Study design and recruitment

An initial baseline examination (T0) in the context of the abovementioned IDEFICS study—the data of which were not used for this study as use of NUS was not recorded—took place from 2007 to 2008, followed by a first follow-up examination (T1) from 2009 to 2010, in at least two local not randomly selected communities per country. All children aged 2–9 years attending kindergarten and elementary school had been eligible. As part of the subsequent I.Family study—which provided the data for this study—children who participated in T0 and/or T1 of IDEFICS (hereafter referred to as index children), as well as their parents and siblings, were invited for a second follow-up. Thus, between 2013 and 2014, data were provided from 6167 families. For the present cross-sectional analysis, all 5- to 17-year olds were eligible and we selected one member from each family using an algorithm described under the “Exclusion Criteria” section.

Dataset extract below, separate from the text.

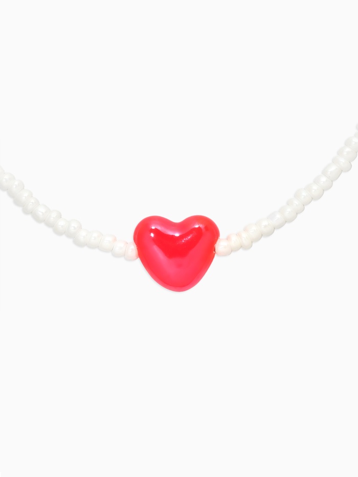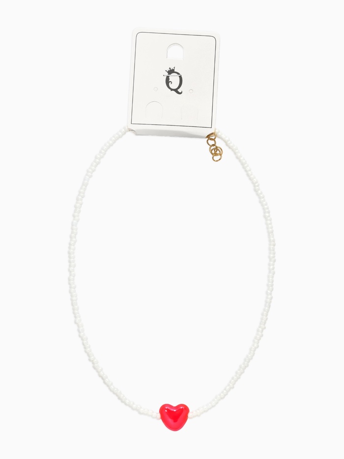 Чокер из бисера "Сердце", цвет бело-красный в золоте, L=45 см

General information about the respondent or the family such as sociodemographic characteristics was given by at least one parent or legal guardian. Information on the medical history of the participants, including diseases, drug use, and the intake of NUS, was obtained from at least one parent living in the main household using a computer-assisted personal or telephone interview.

Study measures

Participants were categorized as having ADHD depending on a parent-reported diagnosis and/or use of any of the following ADHD-approved medications: methylphenidate, atomoxetine, amphetamine, dexamphetamine, lisdexamfetamine. Centrally acting alpha-agonists (clonidine or guanfacine) were not approved for ADHD in Europe during the study years. Details about the diagnosis, drug use, and use of NUS within the last 14 days were collected using a questionnaire about chronic diseases diagnosed in the individual participant. A subject with ADHD was categorized as “medicated” if at least one of the abovementioned ADHD-approved medications had been used.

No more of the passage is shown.